At DataGuard, we help our clients to increase their cybersecurity posture through ISO 27001 certification. ISO 27001 can help businesses prevent cyber-attacks by providing a comprehensive set of controls and guidelines for protecting information assets. The standard covers a wide range of areas including access control, network security, incident management, business continuity planning, and more.

We understand the challenges that businesses will face in complying with NIS2. We take a proactive approach to cybersecurity and specialise in supporting businesses in achieving ISO 27001 certification, a globally recognized standard for information security management.

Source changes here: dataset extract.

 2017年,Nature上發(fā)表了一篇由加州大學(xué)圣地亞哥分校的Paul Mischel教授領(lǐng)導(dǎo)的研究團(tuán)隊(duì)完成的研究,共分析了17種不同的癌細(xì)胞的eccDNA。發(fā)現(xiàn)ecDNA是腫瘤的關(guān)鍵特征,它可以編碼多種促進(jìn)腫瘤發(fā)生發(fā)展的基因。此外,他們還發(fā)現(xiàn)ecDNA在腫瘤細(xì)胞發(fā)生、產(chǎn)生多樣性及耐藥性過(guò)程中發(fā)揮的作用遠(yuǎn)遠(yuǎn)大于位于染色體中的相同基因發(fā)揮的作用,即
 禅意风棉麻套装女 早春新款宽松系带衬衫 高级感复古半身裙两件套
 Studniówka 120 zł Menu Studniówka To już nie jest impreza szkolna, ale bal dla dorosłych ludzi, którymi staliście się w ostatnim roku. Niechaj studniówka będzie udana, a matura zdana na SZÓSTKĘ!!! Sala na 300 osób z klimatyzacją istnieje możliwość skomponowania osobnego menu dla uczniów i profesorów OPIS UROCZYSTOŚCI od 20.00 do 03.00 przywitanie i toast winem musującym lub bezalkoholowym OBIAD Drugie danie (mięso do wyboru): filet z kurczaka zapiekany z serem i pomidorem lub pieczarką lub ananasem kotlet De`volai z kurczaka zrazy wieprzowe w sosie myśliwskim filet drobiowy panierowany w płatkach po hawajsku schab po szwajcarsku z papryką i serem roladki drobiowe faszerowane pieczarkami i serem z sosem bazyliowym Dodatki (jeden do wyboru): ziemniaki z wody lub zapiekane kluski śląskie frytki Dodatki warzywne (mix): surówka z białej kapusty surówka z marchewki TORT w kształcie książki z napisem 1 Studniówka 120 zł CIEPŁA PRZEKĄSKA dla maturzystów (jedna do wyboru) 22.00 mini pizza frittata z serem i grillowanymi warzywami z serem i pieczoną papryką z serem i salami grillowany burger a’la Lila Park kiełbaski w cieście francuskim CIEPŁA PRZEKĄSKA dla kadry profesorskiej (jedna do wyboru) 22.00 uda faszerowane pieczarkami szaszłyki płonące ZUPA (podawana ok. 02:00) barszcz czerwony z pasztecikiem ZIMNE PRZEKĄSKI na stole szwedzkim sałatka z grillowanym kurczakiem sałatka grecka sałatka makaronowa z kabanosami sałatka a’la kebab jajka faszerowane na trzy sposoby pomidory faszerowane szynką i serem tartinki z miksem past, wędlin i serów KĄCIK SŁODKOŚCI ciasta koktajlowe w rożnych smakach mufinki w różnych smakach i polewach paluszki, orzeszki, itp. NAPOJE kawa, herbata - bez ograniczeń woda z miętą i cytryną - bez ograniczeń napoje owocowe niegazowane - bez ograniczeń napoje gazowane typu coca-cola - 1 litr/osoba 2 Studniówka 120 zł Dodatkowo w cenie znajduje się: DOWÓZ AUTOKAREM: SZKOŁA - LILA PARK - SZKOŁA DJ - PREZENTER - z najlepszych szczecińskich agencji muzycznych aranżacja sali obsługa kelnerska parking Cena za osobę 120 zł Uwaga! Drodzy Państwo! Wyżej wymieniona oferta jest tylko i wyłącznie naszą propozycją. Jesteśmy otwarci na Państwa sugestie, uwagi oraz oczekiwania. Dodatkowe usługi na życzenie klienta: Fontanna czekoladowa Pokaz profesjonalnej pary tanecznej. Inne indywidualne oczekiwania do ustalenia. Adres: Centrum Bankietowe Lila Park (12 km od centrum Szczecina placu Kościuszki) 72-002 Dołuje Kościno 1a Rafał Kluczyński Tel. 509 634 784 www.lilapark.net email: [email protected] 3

Our platform empowers you to achieve compliance and ensure that your valuable information assets are protected. Our team of experts with extensive experience in ISO 27001 and ISMS implementation provide you guidance on how to prepare for the new NIS2 Directive.

We help you:

• Develop and implement incident management and business continuity plans,
• Create information security policies, and
• Ensure that employees are properly trained and aware of the importance of information security.

We also assist you with:

• Asset management, identifying and managing critical assets that may be targeted by cybercriminals.

Being prepared is key to success

At DataGuard, we believe being prepared is key to success. Our goal is to help businesses achieve compliance and stay ahead of the game in today's cybersecurity landscape. We stay up to date with the latest developments in the regulation, ensuring that our clients are always informed and prepared for any changes that may arise.

With our in-house experts and InfoSec platform businesses can be rest assured that they are ready to face the challenges of the NIS2 Directive.